Who better to help us celebrate Martin Luther King Jr's 89th birthday than a band of Irishmen?
Looking back, U2 singer Bono deserves most of the credit for turning a generation of American kids on to the accomplishments of Martin Luther King, Jr., who did not yet have his own stamp, much less a federal holiday.
Would Martin Luther King Jr. be as cool to me if U2 hadn't championed him in much the same way R.E.M.'s Peter Buck once gushed about Velvet Underground? Probably not. In that sense, I'm glad I was in the Bono and Peter Buck camps learning about MLK and VU instead of, say, the Axl Rose camp being told Charlie Manson was just misunderstood, man.
Up until The Unforgettable Fire, listening to U2 was a lot like being preached at by someone who really believed in their cause and wanted you to believe in it as well. The Edge's lacerating guitars added a plaintive, metallic wallop to Bono's anthemic slogans while the rhythm section of Adam Clayton and Larry Mullen Jr. brought it all home with a thunderous military precision.

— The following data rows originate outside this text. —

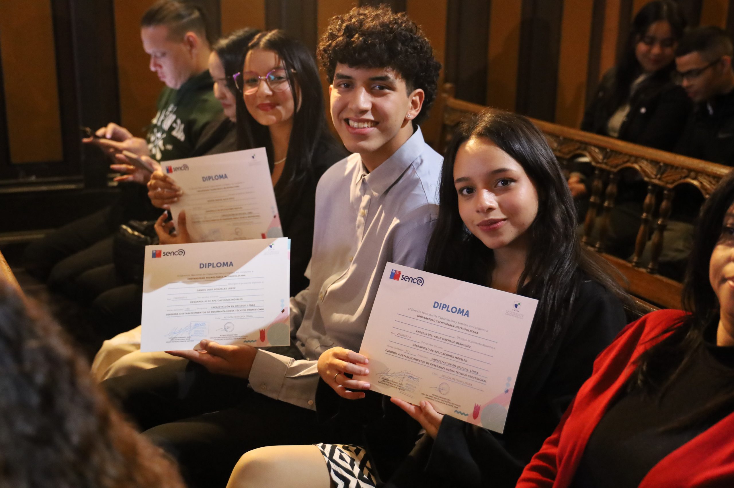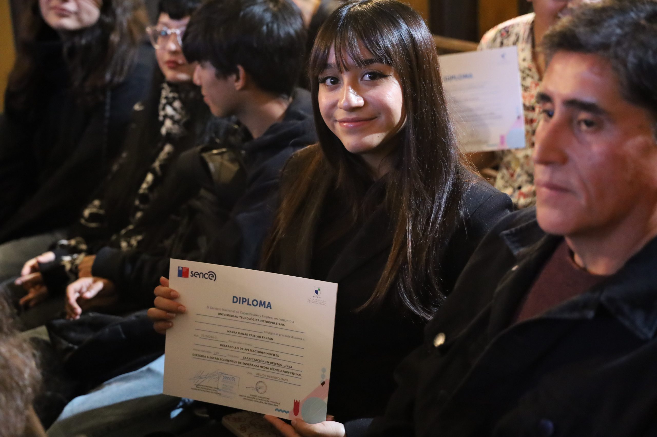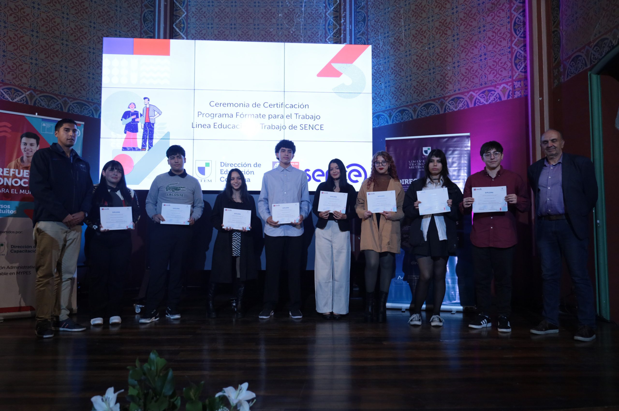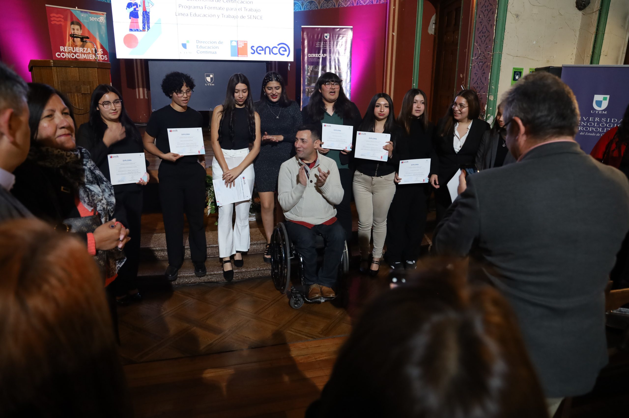 En una emotiva ceremonia realizada en el Salón de Honor de la Universidad Tecnológica Metropolitana (UTEM), se llevó a cabo el pasado 25 de abril la entrega de certificados a los estudiantes egresados del Programa de Capacitación en Oficios en Liceos UTEM, iniciativa impulsada por el Servicio Nacional de Capacitación y Empleo (SENCE) en colaboración con la UTEM, con el objetivo de fortalecer la empleabilidad juvenil.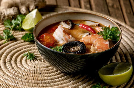 يُعد مرق هذا الحساء الحلو، والحامض، والحار، والمالح، مثاليًا للروبيان الحلو الطري. وتشمل مُكوّناته كلًا من الخولنجان، وعشبة الليمون، وأوراق الليمون، بينما يمنحه الفلفل الأحمر مذاقًا حارًّا إضافيًا.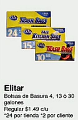 trash bags tall kitchen elitar bolsas basura alones regular $c/u *por tienda "por cliente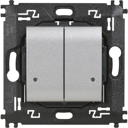 Dual wireless light controller equipped with two buttons for controlling two different connected devices to control lights. Each individual button can be associated with one or more devices. Surface installation with repositionable stickers provided or on recessed boxes. Built-in LED for low battery indication. Battery power supply 3 V type CR2032 supplied with 8 years autonomy 2 modules.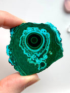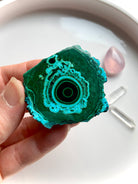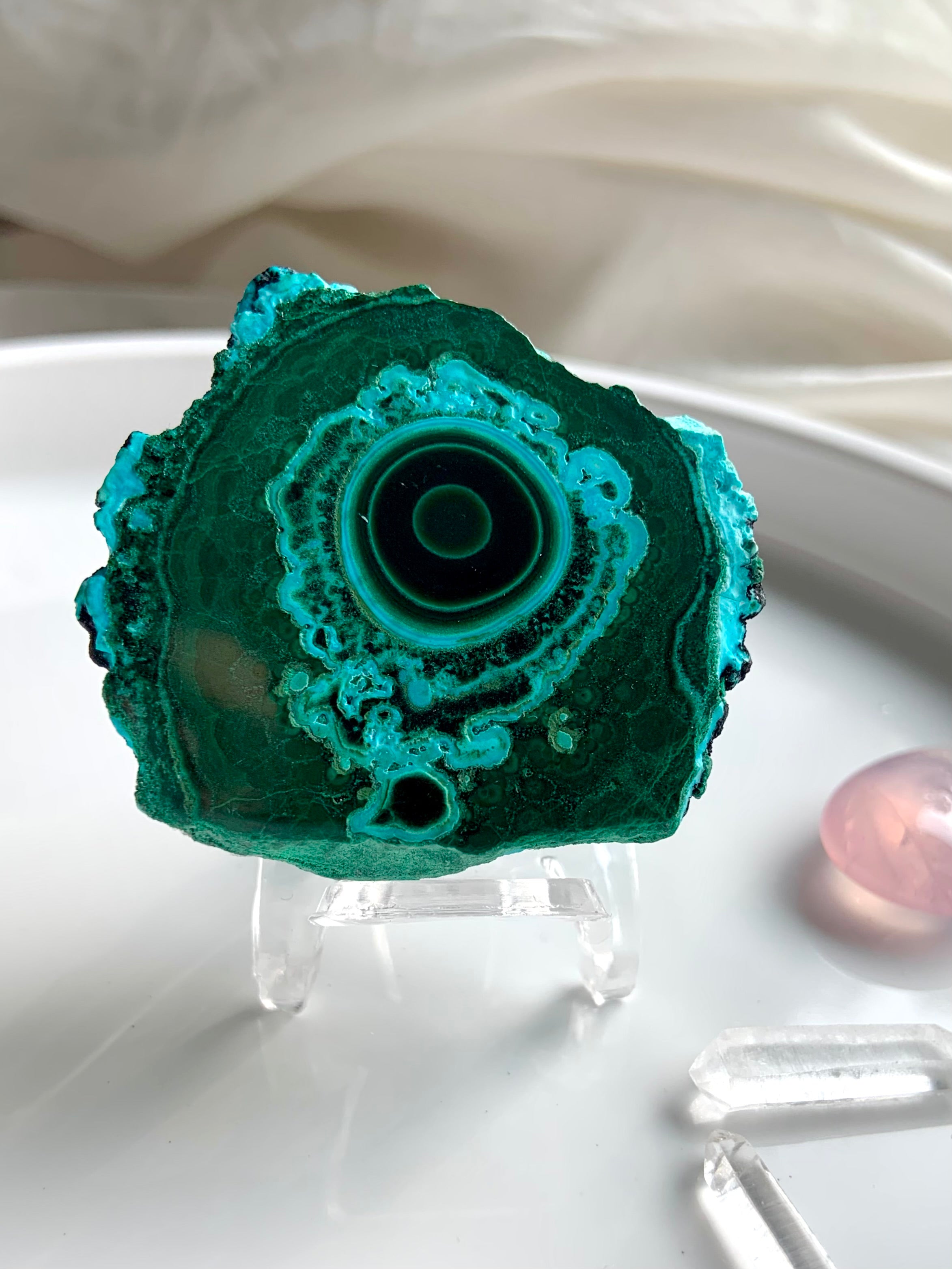 This gorgeous high quality Malachite Chrysocolla Slab with a rare, true bullseye, evil eye formation is stunning with vibrant green + blue swirling patterns + a glossy, reflective polish on the front + a bubbly natural botryoidal formation on the back.

On much of The Unforgettable Fire, specifically "MLK", the band opted for subtlety and atmosphere over bombast and came up with a sound that gave them a new lease on life because, in hindsight, if they'd kept making albums like War, they could very well have ended up like Echo & The Bunnymen, Big Country and The Alarm.
Being a singer, myself, Bono's hauntingly heartfelt tribute to Martin Luther King Jr. was a godsend for me and anyone else who feared finding themselves in a vocal booth staring at a microphone with an engineer eager to set recording levels saying, "Okay, sing something".